**What is required:**
Would you set down the data that follows, word for word, without any pictures?

Records excerpted from a collection
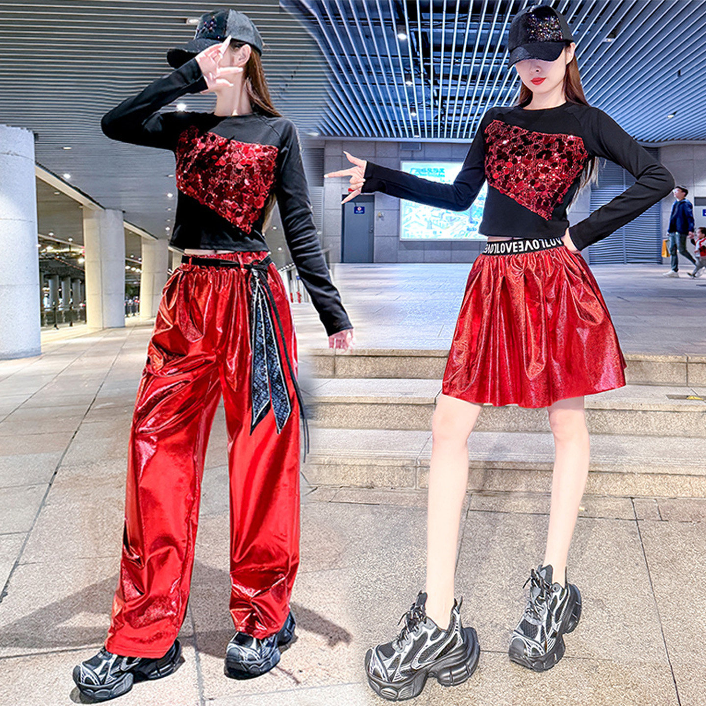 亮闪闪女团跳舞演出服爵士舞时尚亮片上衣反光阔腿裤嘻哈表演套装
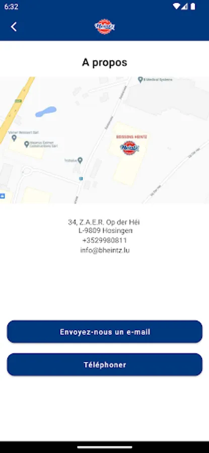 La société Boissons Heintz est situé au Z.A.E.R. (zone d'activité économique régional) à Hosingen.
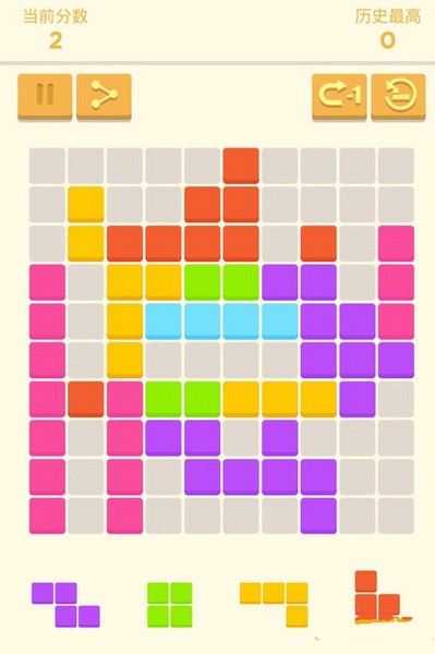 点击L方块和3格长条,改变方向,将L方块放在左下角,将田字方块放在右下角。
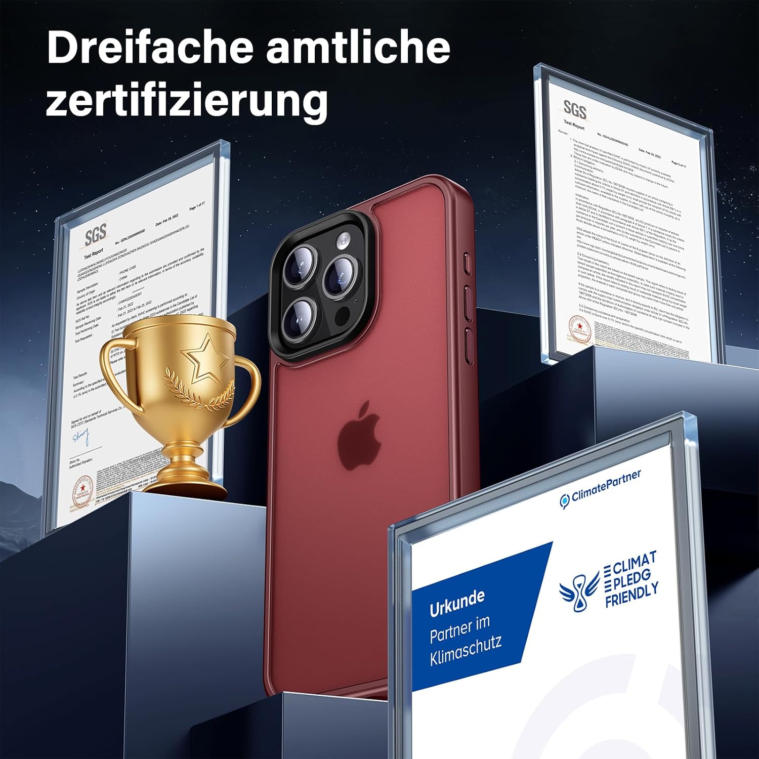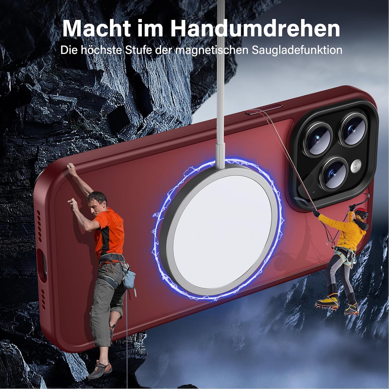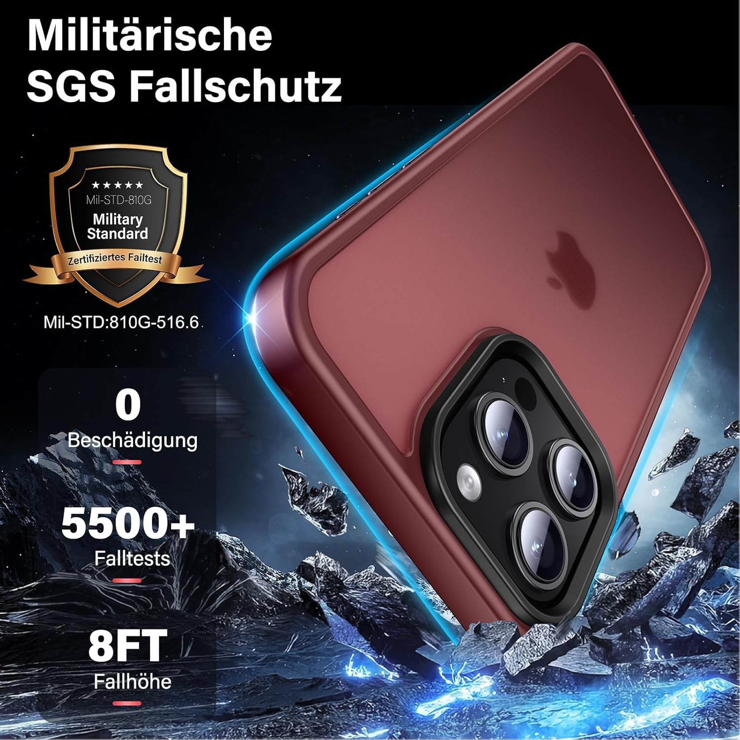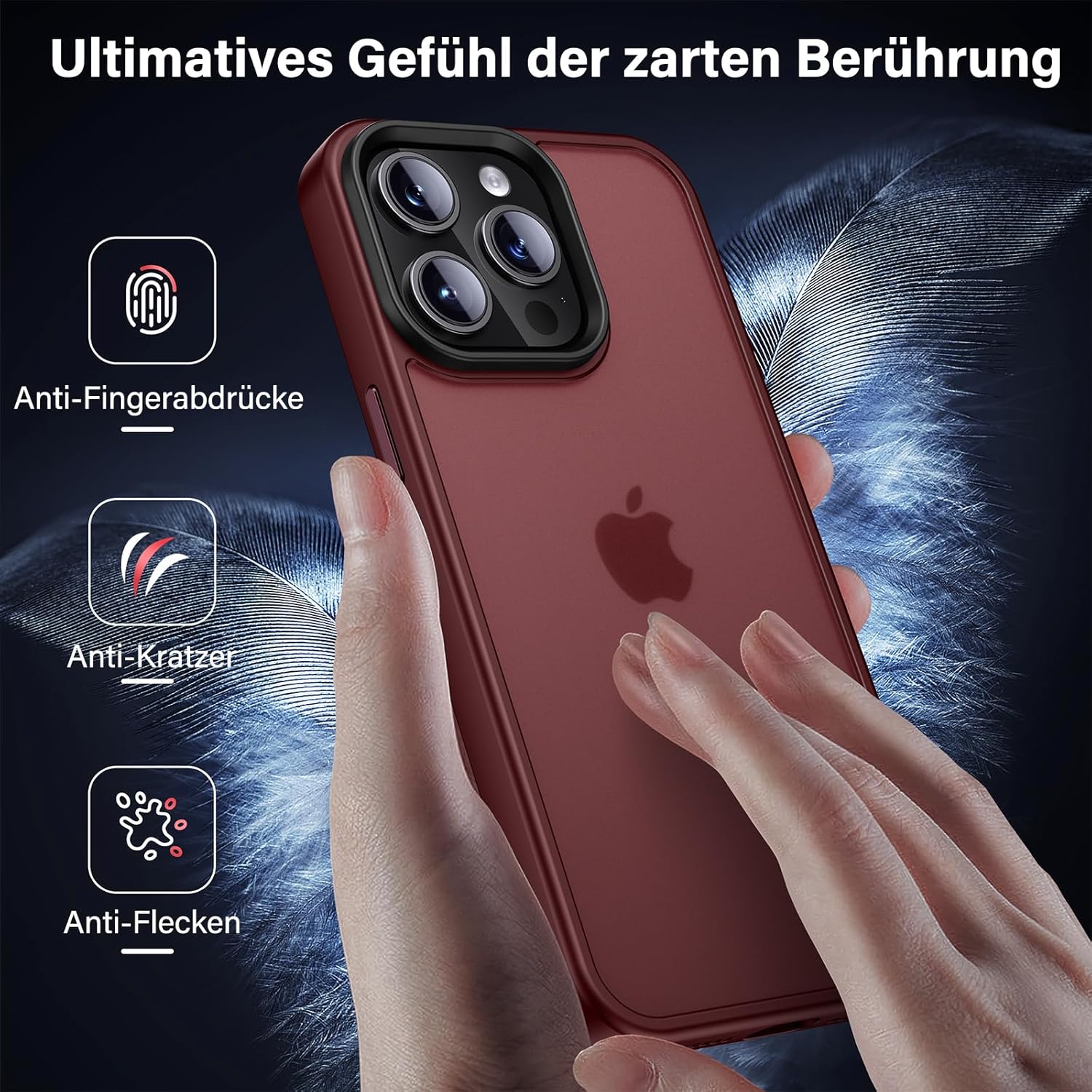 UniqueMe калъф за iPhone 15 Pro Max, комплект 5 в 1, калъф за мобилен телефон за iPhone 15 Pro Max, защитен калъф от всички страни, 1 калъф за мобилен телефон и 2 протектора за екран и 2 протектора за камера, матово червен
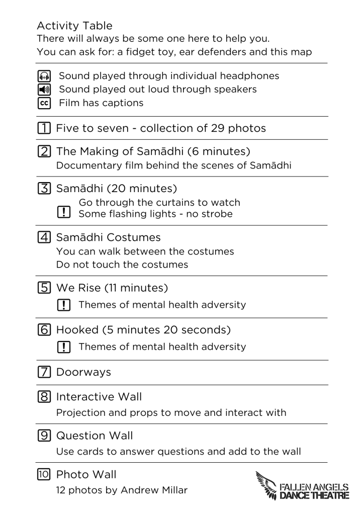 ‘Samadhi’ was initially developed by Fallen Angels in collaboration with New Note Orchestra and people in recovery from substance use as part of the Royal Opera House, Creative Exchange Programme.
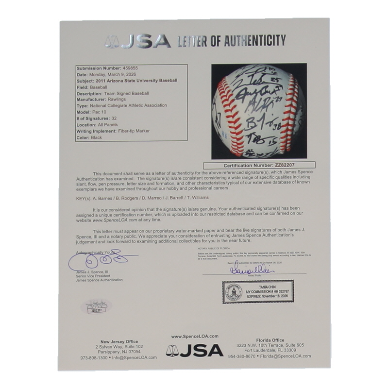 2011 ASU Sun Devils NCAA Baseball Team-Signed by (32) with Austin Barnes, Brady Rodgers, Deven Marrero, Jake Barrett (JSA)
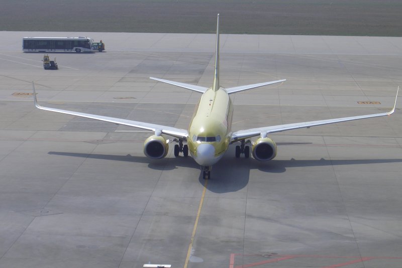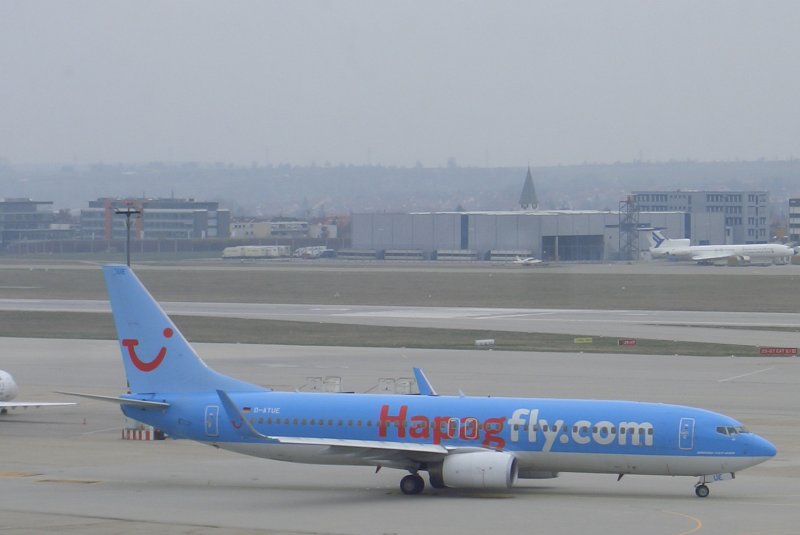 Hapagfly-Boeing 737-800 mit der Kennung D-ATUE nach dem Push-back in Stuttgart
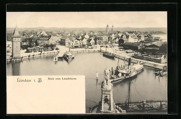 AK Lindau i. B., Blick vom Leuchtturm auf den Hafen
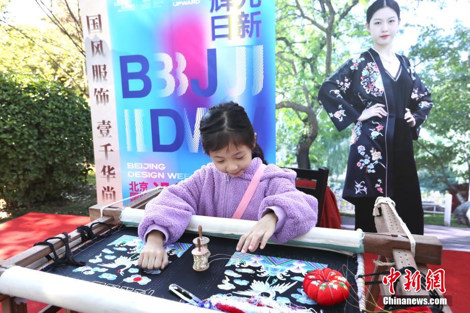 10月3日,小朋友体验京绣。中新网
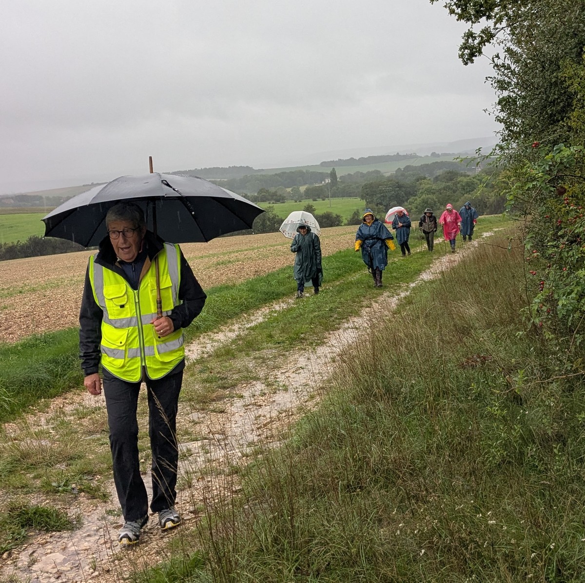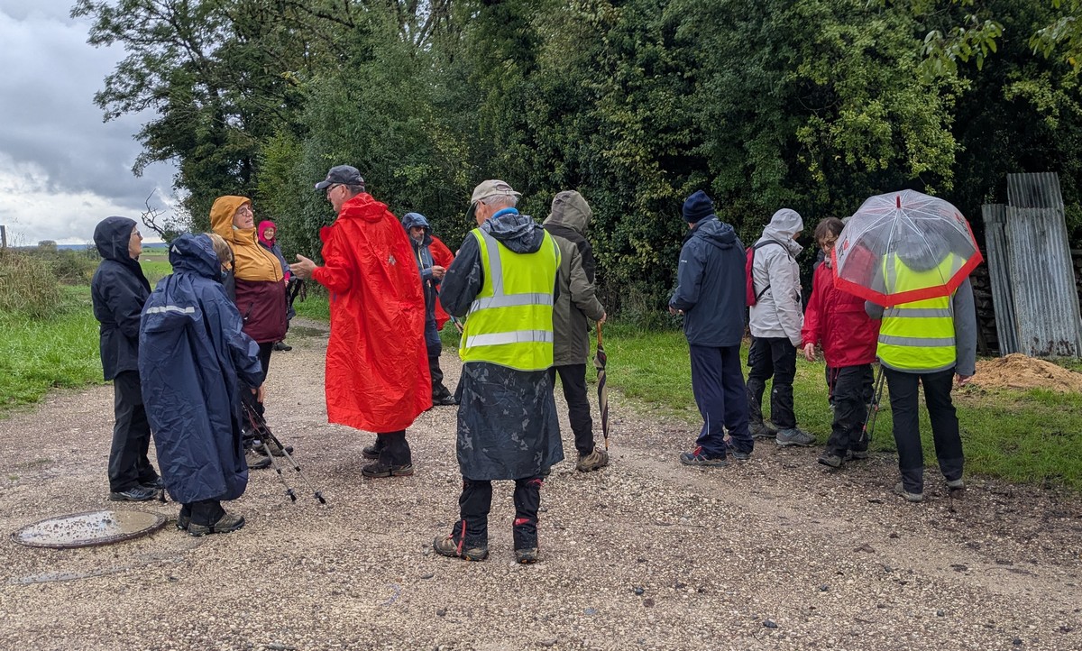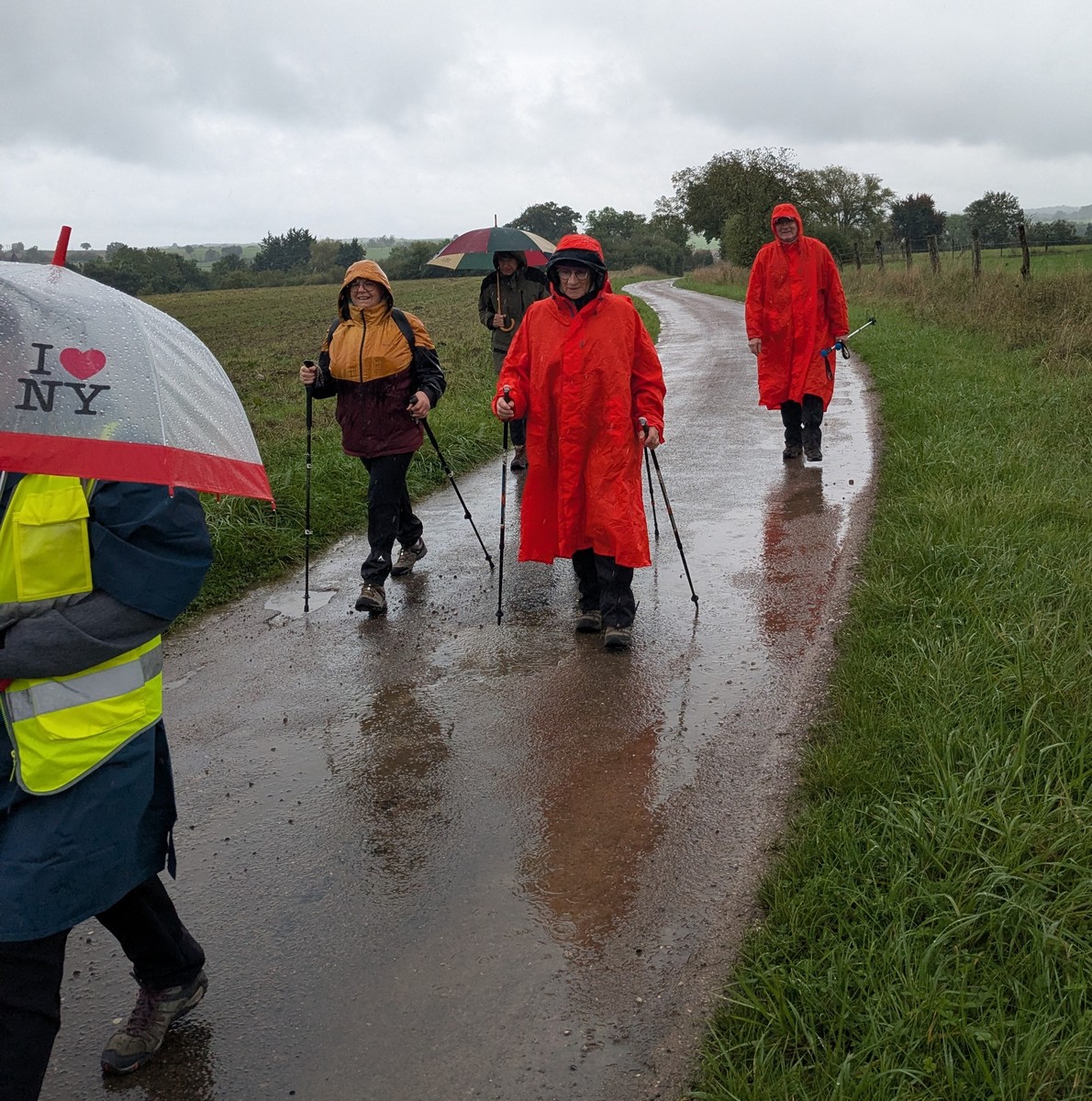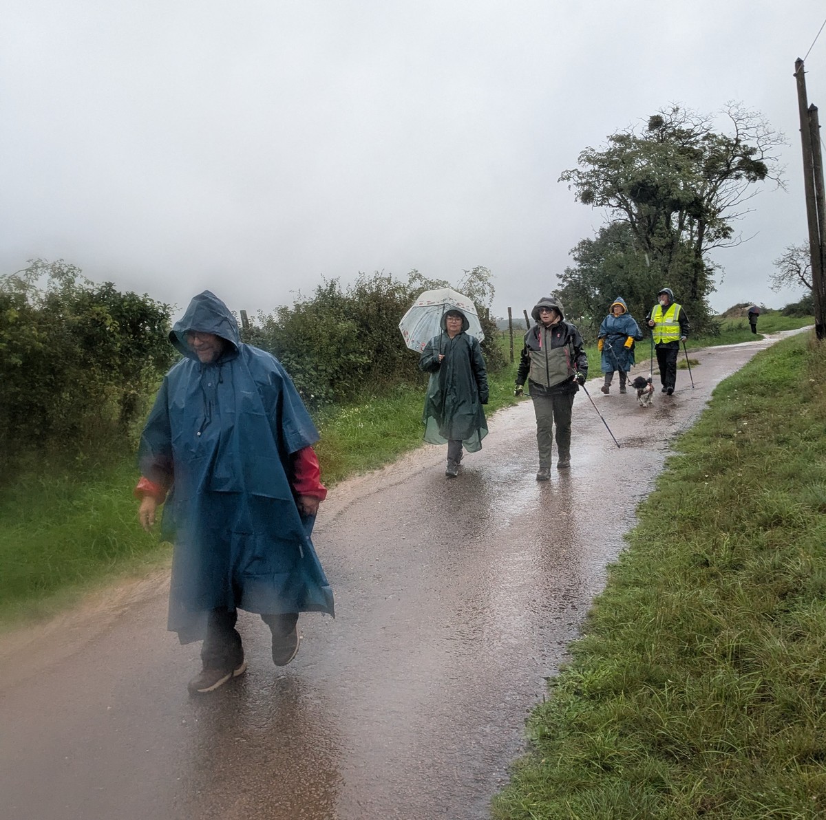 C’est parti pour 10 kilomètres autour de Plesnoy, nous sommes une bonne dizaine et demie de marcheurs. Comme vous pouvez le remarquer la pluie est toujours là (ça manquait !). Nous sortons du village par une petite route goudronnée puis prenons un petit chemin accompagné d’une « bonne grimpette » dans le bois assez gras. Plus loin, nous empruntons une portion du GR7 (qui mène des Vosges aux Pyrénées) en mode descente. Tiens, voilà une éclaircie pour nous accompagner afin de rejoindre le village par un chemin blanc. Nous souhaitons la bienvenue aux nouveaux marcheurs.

**Solution to the problem:**
 亮闪闪女团跳舞演出服爵士舞时尚亮片上衣反光阔腿裤嘻哈表演套装
 La société Boissons Heintz est situé au Z.A.E.R. (zone d'activité économique régional) à Hosingen.
 点击L方块和3格长条,改变方向,将L方块放在左下角,将田字方块放在右下角。
 UniqueMe калъф за iPhone 15 Pro Max, комплект 5 в 1, калъф за мобилен телефон за iPhone 15 Pro Max, защитен калъф от всички страни, 1 калъф за мобилен телефон и 2 протектора за екран и 2 протектора за камера, матово червен
 ‘Samadhi’ was initially developed by Fallen Angels in collaboration with New Note Orchestra and people in recovery from substance use as part of the Royal Opera House, Creative Exchange Programme.
 2011 ASU Sun Devils NCAA Baseball Team-Signed by (32) with Austin Barnes, Brady Rodgers, Deven Marrero, Jake Barrett (JSA)
 Hapagfly-Boeing 737-800 mit der Kennung D-ATUE nach dem Push-back in Stuttgart
 AK Lindau i. B., Blick vom Leuchtturm auf den Hafen
 10月3日,小朋友体验京绣。中新网
 C’est parti pour 10 kilomètres autour de Plesnoy, nous sommes une bonne dizaine et demie de marcheurs. Comme vous pouvez le remarquer la pluie est toujours là (ça manquait !). Nous sortons du village par une petite route goudronnée puis prenons un petit chemin accompagné d’une « bonne grimpette » dans le bois assez gras. Plus loin, nous empruntons une portion du GR7 (qui mène des Vosges aux Pyrénées) en mode descente. Tiens, voilà une éclaircie pour nous accompagner afin de rejoindre le village par un chemin blanc. Nous souhaitons la bienvenue aux nouveaux marcheurs.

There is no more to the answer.